Show Recommended Approach

Propose a hybrid progressive onboarding architecture. First-time users connect to an open SSID and are directed to a CAPPORT-enabled captive portal to provide their email address. Upon submission, the portal provisions a Passpoint profile to the device. The device then automatically transitions to a secure, WPA3-Enterprise encrypted Passpoint SSID for all subsequent traffic and future visits. This satisfies marketing's data capture requirement while enforcing security policy for the vast majority of network usage.

Q2. A client complains that their newly designed, highly customized captive portal page is displaying a blank white screen on all modern iOS devices, although it works perfectly on older Android phones. The portal relies heavily on external web fonts and a third-party analytics script.

💡 Hint:Think about how the iOS Captive Network Assistant (CNA) interacts with external resources before the device is fully authenticated.

Show Recommended Approach

The issue is a misconfigured walled garden. The iOS CNA is attempting to render the portal page, but the external domains hosting the web fonts and analytics scripts are blocked by the network controller pre-authentication. Because these resources cannot load, the CNA stalls and displays a blank screen. The solution is to either host all required assets locally on the portal server or add the specific external domains (FQDNs) to the controller's pre-authentication allowlist.
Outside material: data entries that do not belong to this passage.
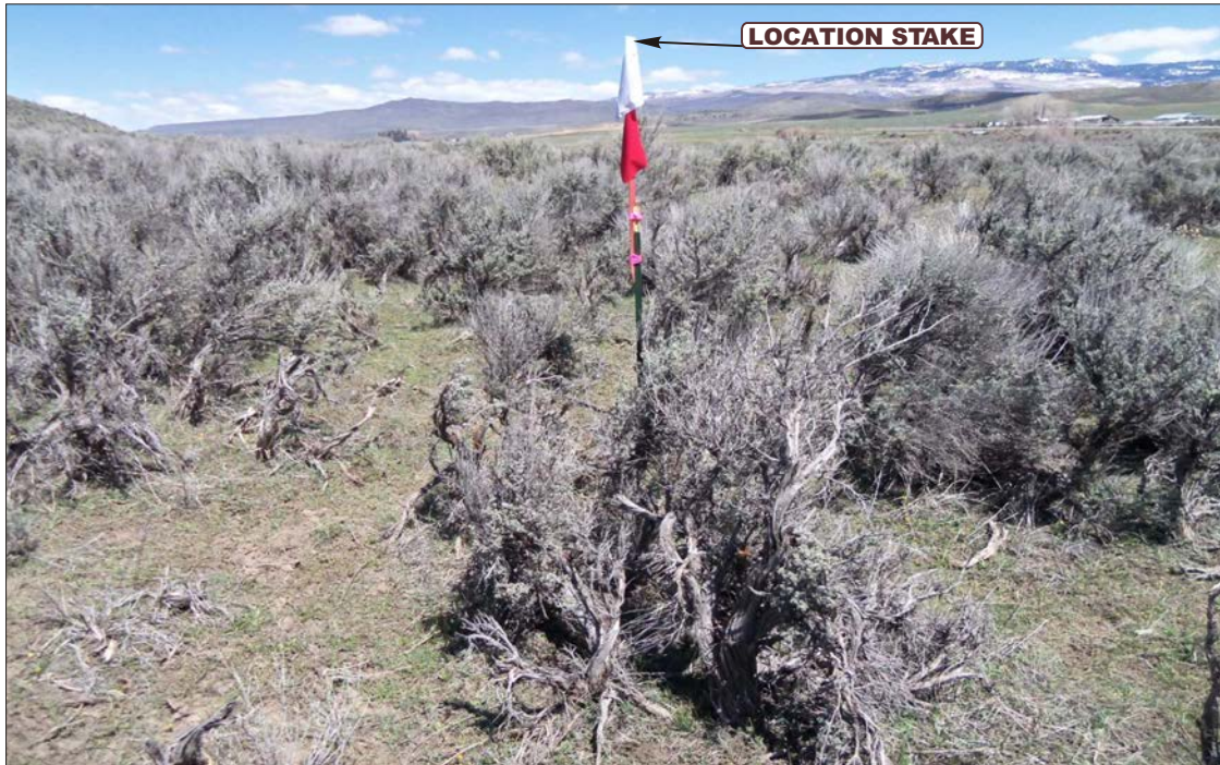
PHOTO: VIEW OF LOCATION STAKE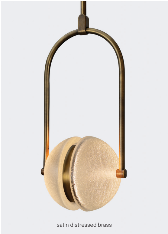
satin distressed brass

Siemon & Salazar's latest pendant utilizes the ancient technique of sand casting, which creates a tactile texture on the glass that also helps diffuse the light. A hand-formed brass armature joins the two hemispherical pieces of glass. The design is beautiful, possessing a sense of elegant jewelry while also being functional.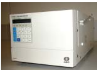
LC1255s Fluorescence Detector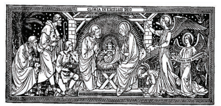
946 Our Lady of Mercy-2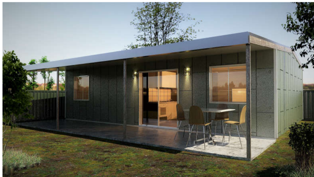
OPTION 3 GABLE ROOF WITH VERANDAH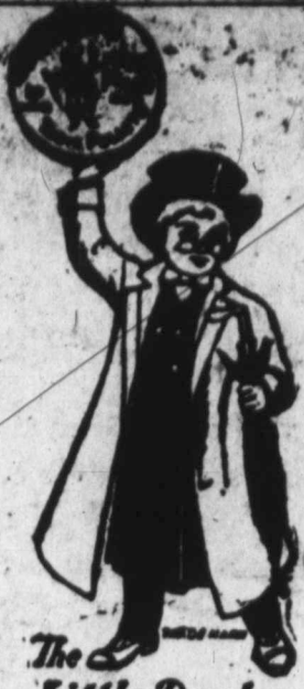
The Little Doctor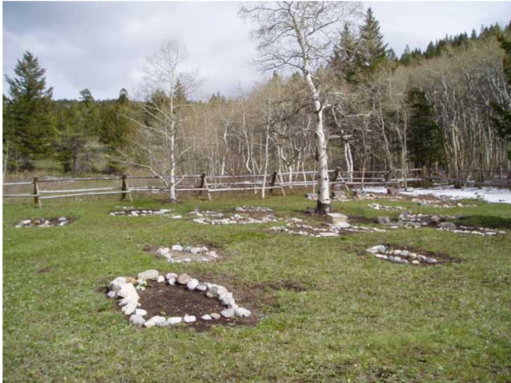
Cemetery maintained by Al and Elaine Wiseman of Choteau

The Wisemans were also involved in the development of the Choteau Museum and nearby Michif house furnished in Métis traditional style. Métis Elder Al Wiseman is also an archivist of Michif fiddle tunes.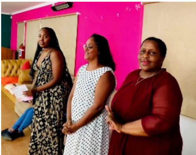
SOME SPEAKERS AT THE CONFERENCE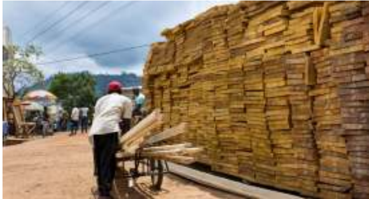
Figure 3. “Informal” wood for sale at a market in Yaoundé. Today illegal but giving employment to thousands of people and providing more with essential wood products.

The value of non-timber forest products (NTFPs), i.e. food, fodder, medicines, gums and resins, etc., is even more difficult to get reliable figures on, more than the fact that in large parts of Africa such NTFPs constitute a major source of nutrition and income for, particularly, rural people (Agustino et al. 2011). A very coarse and unreliable estimate puts the annual value of trade in NTFPs in Africa at USD 500 million (FAO 2014b), which undoubtedly is a gross underestimate.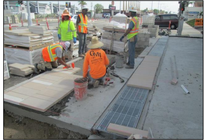
Starting pavers at Winchells.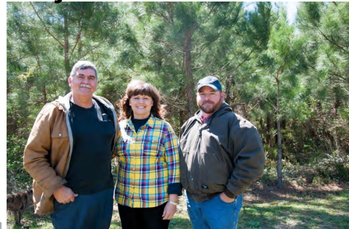
Natural Resources Conservation Service

Soil Water Air Plants Animals People Soil Water Air Plants Animals Helping People Help the Land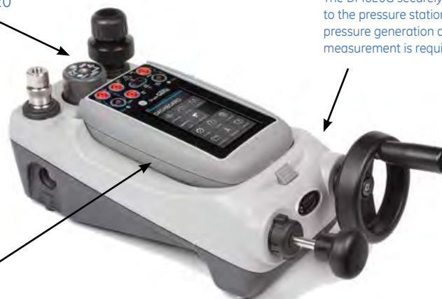
PV62XG Pressure Station. The DPI620G securely attaches to the pressure stations when pressure generation and measurement is required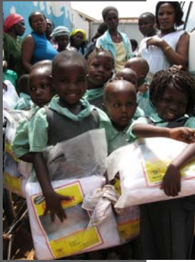
Children from the nursery pose for a photo after receiving mosquito nets from Uganda Hands for Hope.

Our sponsorship programme began in January 2008 with one supporter committing to sponsoring 100 children from the slum to go to primary school. Since then, many other supporters have come forward to sponsor children in primary school and in nursery. More than just providing an education, sponsoring a child also provides them with a school uniform, two meals a day, and an opportunity for the children to interact and develop friendships with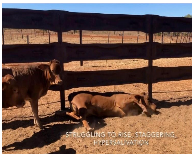
Figure 2: weaners salivating, staggering and struggling to rise

A presumptive diagnosis was made within 24 hours of investigation. The station manager was advised to limit the amount of high quality hay given to the weaners, slowly increasing the volume, to allow the rumen microflora to adapt to the change in feed. By day 5, no further cases had occurred and mildly affected animals were returning to normal without requiring medical intervention. The veterinary officer also explained to the manager that if the same conditions were to occur again, the effects of a sudden feed quality and quantity change can be mitigated with the use of injectable Vitamin B complex for a few days after weaning. However, this may be a cost-prohibitive option when dealing with large mobs. Alternatively, close observation of the mob and injecting affected animals with Vitamin B1 early in the disease course, may lead to a remission of clinical signs within 6-24 hours. A total of 15 animals died or were humanely destroyed; morbidity was approximately three per cent and mortality less than two per cent. Cases have been reported elsewhere of losses up to 10%.

Q3. During a network audit, you discover that the legacy captive portal is intercepting traffic and serving a self-signed certificate. You are tasked with upgrading the system to use the CAPPORT API. What specific certificate requirements must be met for the new portal server?

💡 Hint:Consider how modern browsers and OS CNAs handle certificate validation during the captive portal detection phase.

Show Recommended Approach

The new portal server must be accessed via a dedicated Fully Qualified Domain Name (FQDN) that is NOT on the HSTS preload list. Furthermore, it must use a valid TLS certificate issued by a publicly trusted Certificate Authority (CA). Self-signed certificates will be rejected by the OS CNA and modern browsers, preventing the portal from loading and halting the onboarding process.